ArtSeen
Hiroshi Sugimoto: History of History
Stylized Sculpture: Contemporary Japanese Fashion from the Kyoto Costume Institute
Asian Art Museum, San Francisco October 12, 2007 – January 6, 2008

A lot of what photographer Hiroshi Sugimoto does ought to be really annoying. He’s famous for making very large photographs of things that might seem hardly worth photographing: museum dioramas, celebrity waxworks, empty movie theaters, expanses of the calm ocean. Through what alchemy does he make these depictions of depictions and chronicles of blankness seem worth looking at, even enchanting?
That same magic is on display in two shows at San Francisco’s Asian Art Museum, both masterminded by the Japanese-American photographer himself.
History of History, a traveling exhibition that has already appeared in New York, Washington, and Toronto, combines objects from Sugimoto’s personal collection—including prehistoric fossils, fragments of ancient Japanese textiles, antique scrolls, and miscellaneous collectibles—with his own photographs and conceptual pieces in a way that blurs the distinction between curator and installation artist.
It would be easy enough to see History of History as an exercise in the ego, for he’s not only showing off his museum-quality possessions but also including his own work (a photograph of a waterfall here, another of a waxed effigy there) among these timeless treasures. Indeed, to create “Time’s Arrow,” the piece that appears on the cover of the show’s catalogue, Sugimoto took a fragment of a 13th-century bronze reliquary and placed one of his own seascape photographs inside the frame originally made to hold a sacred relic of the Buddha.

Two museum galleries nearby house a second show, also designed by Sugimoto, of contemporary Japanese fashion.
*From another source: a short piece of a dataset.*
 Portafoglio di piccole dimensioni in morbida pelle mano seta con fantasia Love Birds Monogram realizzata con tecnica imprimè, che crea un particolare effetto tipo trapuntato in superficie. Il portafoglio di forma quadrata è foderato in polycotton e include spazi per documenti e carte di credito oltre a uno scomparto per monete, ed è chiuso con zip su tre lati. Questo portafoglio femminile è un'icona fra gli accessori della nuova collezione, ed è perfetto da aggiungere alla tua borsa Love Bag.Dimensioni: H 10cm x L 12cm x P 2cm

Twenty outfits by Issey Miyake and four other celebrity couturiers, titled Stylized Sculpture, are reverentially displayed in hushed rooms whose dark walls are punctuated by a few large Sugimoto black-and-whites of mannequins modeling the clothes.
In the hands of another artist, a show like History could easily come across as a self-glorifying antique shoppe, Stylized Sculpture as the trend-hound fashion boutique next door. But Sugimoto manages to imbue both installations with a humility that underscores, not the artist’s distance from the unglamorous lives of the rest of us, but our shared experience of time, loss, and the consolations of wonder.
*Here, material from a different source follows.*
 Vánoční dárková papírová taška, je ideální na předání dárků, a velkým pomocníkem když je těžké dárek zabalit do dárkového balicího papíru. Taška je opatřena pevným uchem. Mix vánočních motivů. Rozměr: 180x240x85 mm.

Some Conceptual and Minimalist work leans toward holier-than-thou asceticism or a kind of angry contempt for people who still want art to put on a show for the eye and heart as well as the mind. But Sugimoto’s photography, austere though it is, is more seductive than challenging; he seems to want to lure us down his latest conceptual path rather than shock and awe us with what he has found there. One reason, perhaps, is that he takes as his subjects things we all like to look at—famous people, famous buildings, movie screens, the ocean—but uses them to investigate mortality, impermanence, and other ideas that our day-to-day mind-set shies away from.
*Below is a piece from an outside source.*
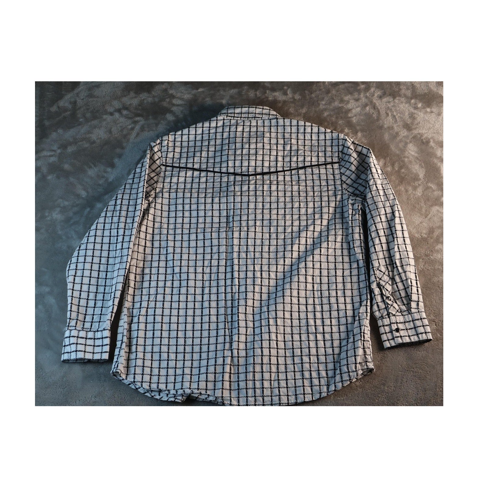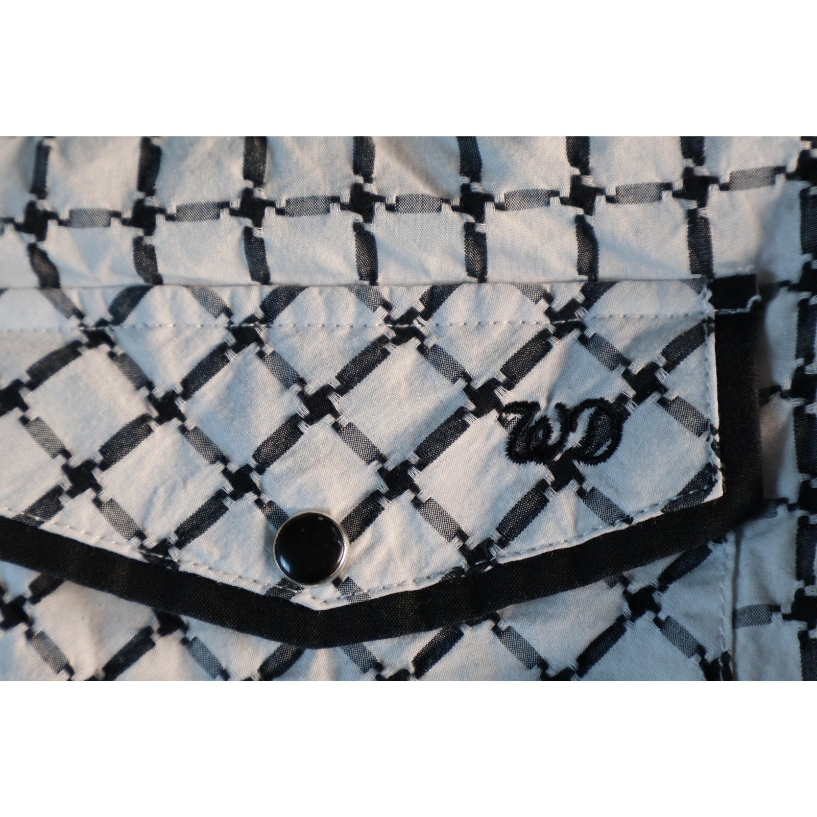 Distinctive black and white check patterned western shirt featuring full pearl snap front closure and double chest pockets with black piping.

In History of History Sugimoto uses his collecting to explore his photography’s philosophical underpinnings. He introduces a display of fossils by describing them as “prehistoric photography” because of the way they preserve the past. Arrays of little squares of ancient Japanese fabrics evoke modernist collage and also the endless labors, esthetic and otherwise, of all the generations who’ve preceded us.
Religious artifacts—a 12th-century carving of a graceful Shinto deity, a 15th-century Buddhist painting of a symbol-laden white deer, a stone phallus dating from one or two millennia earlier—are accompanied by a text on Japanese religious history that encourages us to reflect on how humans’ eternal truths are continually rewritten, along with the rest of our ever-shifting history.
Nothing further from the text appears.